Il lisse son crâne en peau de fesse.
— En quoi la mort de cette fille poussera-t-elle les nazis à se manifester ? demande-t-il, d’un ton où perce une obscure réprobation.
— Suivez-moi, chef ! Lorsque, à Freudenstadt, ma bagnole a eu fait explosion, les Bunks ont aussitôt su que j’étais indemne. Ils avaient certainement quelqu’un de leur bord dans les parages de l’hôtel. L’aubergiste lui-même est peut-être dans le coup, qui sait ?
« Donc, ils ont appris, presque en même temps, que les forces d’occupation mettaient une voiture à ma disposition. Le colonel l’a gueulé dans la cour, devant tout le monde.
« Il aurait fallu être sourdingue pour ne pas le savoir. Il leur restait donc la possibilité d’organiser un coup fourré ; seulement, étant conduit par un soldat français, cet attentat prenait tout de suite une signification trop grave. Ça devenait un crime international. Ils ont préféré dépêcher une fille à eux sur la route pour essayer de m’avoir à la douceur… Ça leur permettait de se rencarder un peu sur moi… Je suppose que ma personnalité devait les intriguer un brin, non ? »
— Continuez, dit le chef…
Il me regarde comme au cirque on regarde les évolutions du trapéziste sans filet. Seulement, ma gymnastique aérienne est une gymnastique morale…
— Donc, ils ont collé cette gosse à mes trousses. Il est évident qu’elle devait les contacter dès que possible. Or, elle n’a pu se manifester depuis le moment où elle a été avec moi, c’est évident. Je ne l’ai pas quittée d’une semelle et, une fois qu’elle a été chez la mère Tapautour, elle n’est pas sortie et n’a pas téléphoné…
— Alors ?…
— Alors, fais-je, ne recevant aucune nouvelle d’elle, ils vont bien essayer de savoir ce qui lui est arrivé… Lorsqu’ils verront dans la presse, demain, qu’une mystérieuse jeune femme non identifiée s’est défenestrée, ils enverront quelqu’un à la morgue afin de vérifier s’il s’agit de Rachel. J’ai donné des instructions formelles pour qu’aucune photographie d’elle ne soit publiée.
— Je commence à voir où vous voulez en venir, murmure le boss. C’est très fort, j’en conviens. Nous allons installer une permanence à la morgue, et tous ceux qui viendront regarder le cadavre de la jeune femme seront pris en filature…
— Voilà ! triomphé-je.
— Vous avez eu cette idée avant de… de la pousser, San-Antonio ?
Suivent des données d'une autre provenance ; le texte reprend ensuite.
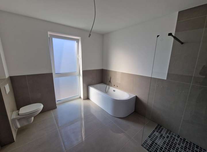 Das Haus wurde Massiv gebaut und ausgestattet mit Fußbodenheizung (Luftwärmepumpe) in allen Räumen und Dreifachverglaste Kunststofffenster mit elektrisch bedienbaren Rollläden.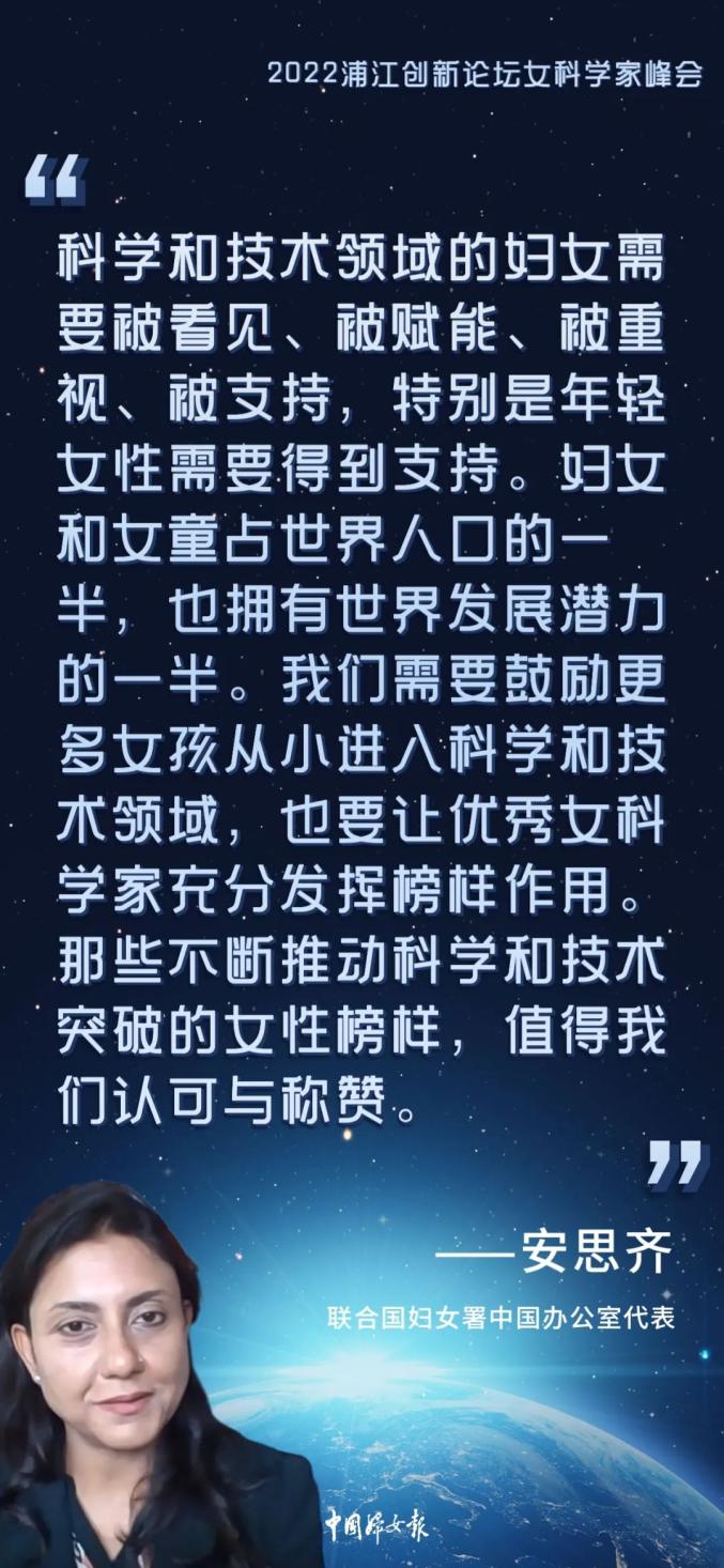 为了加速这一进程,安思齐提出,必须确保妇女和女童得到充分和平等的资助支持,同时也要促进代际沟通,让年轻女孩和女性科学榜样建立连接,让女科学家成为她们的人生和职业发展导师。

— Oui, fais-je en pâlissant un peu…
Le patron se lève.
— Chapeau bas, murmure-t-il, admirateur.
— C’est le cas de le dire, boss !
Je suis dans mon lit, et j’en écrase comme un loir.
Je rêve que je suis embauché aux Folies-Bergère pour faire des trucs en ombres chinoises à la vedette du spectacle… Nous sommes derrière un écran en verre dépoli, un projecteur nous biche en pleine poire. Je soulève la plume d’autruche qui l’habille et je commence l’exercice lorsqu’une sonnerie retentit. Cette sonnerie veut dire : en scène ! Bon Dieu ! mais j’y suis, en scène !
La sonnerie continue, lancinante.
Merde à la fin ! Il devient dingue, le régisseur, ou quoi ?
C’est à ce moment que je me réveille et que je comprends que cette sonnerie insistante est, en réalité, celle du téléphone.